LONDON – If a clear signal was needed that the European Union is falling apart at an alarming rate, Hungary’s construction of razor-wire fences along the border with its fellow EU member Croatia is it. The crisis in the eurozone has, of course, fragmented financial flows, caused economies to diverge, eroded political support for EU institutions, and set Europeans against one another. Now, as governments erect barriers and reinstate border controls, the refugee crisis is disrupting flows of people and gumming up trade. And, as the EU unravels, the risk of Britain voting to leave is rising.
It is often argued that the EU progresses through crises, because they focus minds on the overwhelming need for further integration. But such breakthroughs require at least four ingredients: a correct shared understanding of the problem, agreement on an effective way forward, willingness to pool more sovereignty, and political leaders able to drive change forward. All four are now lacking.
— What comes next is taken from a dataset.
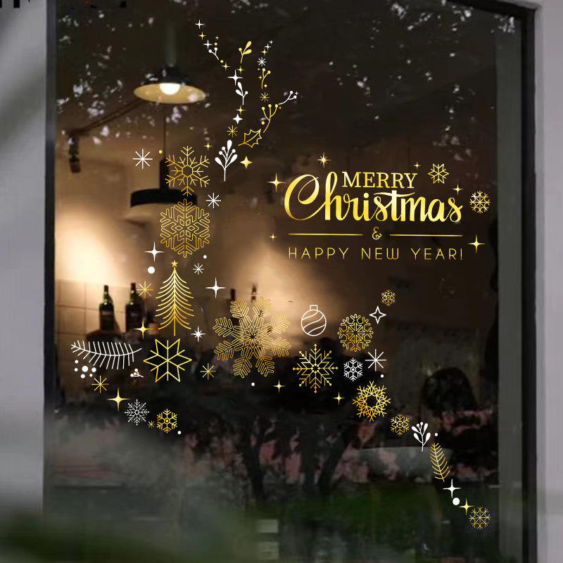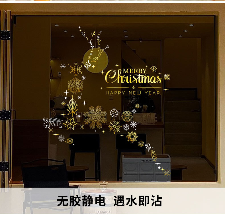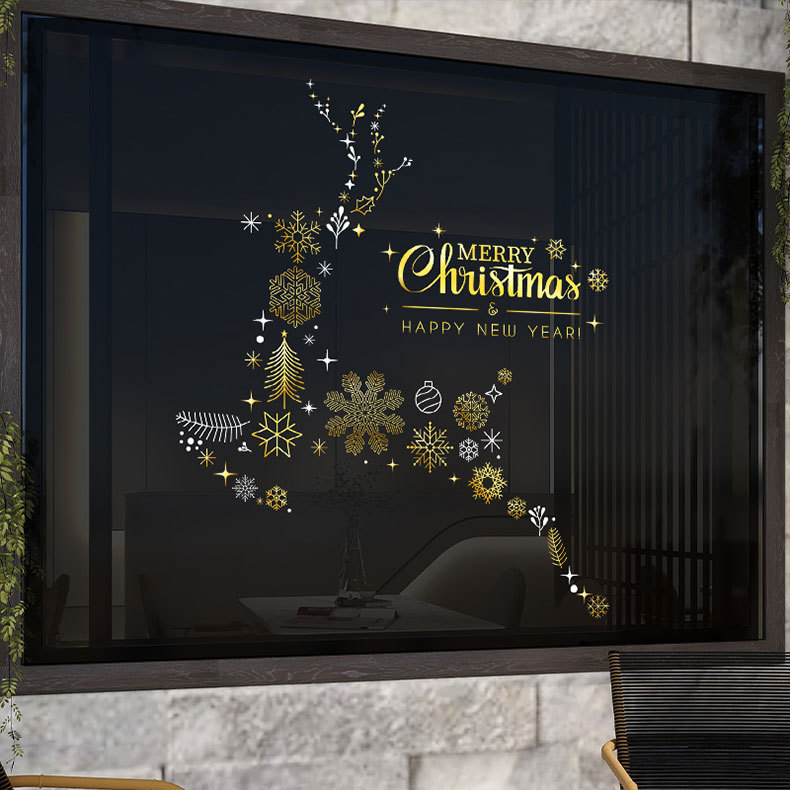 크리스마스 장식 2024 크리스마스 새 파티 도어 및 창 레이아웃 정적 스티커 골든 엘크 PVC 원활한 스티커스토어 가기

EU leaders are weak, divided, and seemingly incapable of setting out a credible vision of the future benefits that European integration could provide, without which they cannot rally popular support and convince recalcitrant governments to bear their fair share of current costs. In the absence of an effective, common response, Europe’s crises fester, feed on each other, and foment unilateralism.
The eurozone and refugee crises have common features that make them tricky to resolve. Both involve disputes about sharing costs, complicated by a clash of values, at the center of which lies a newly dominant Germany.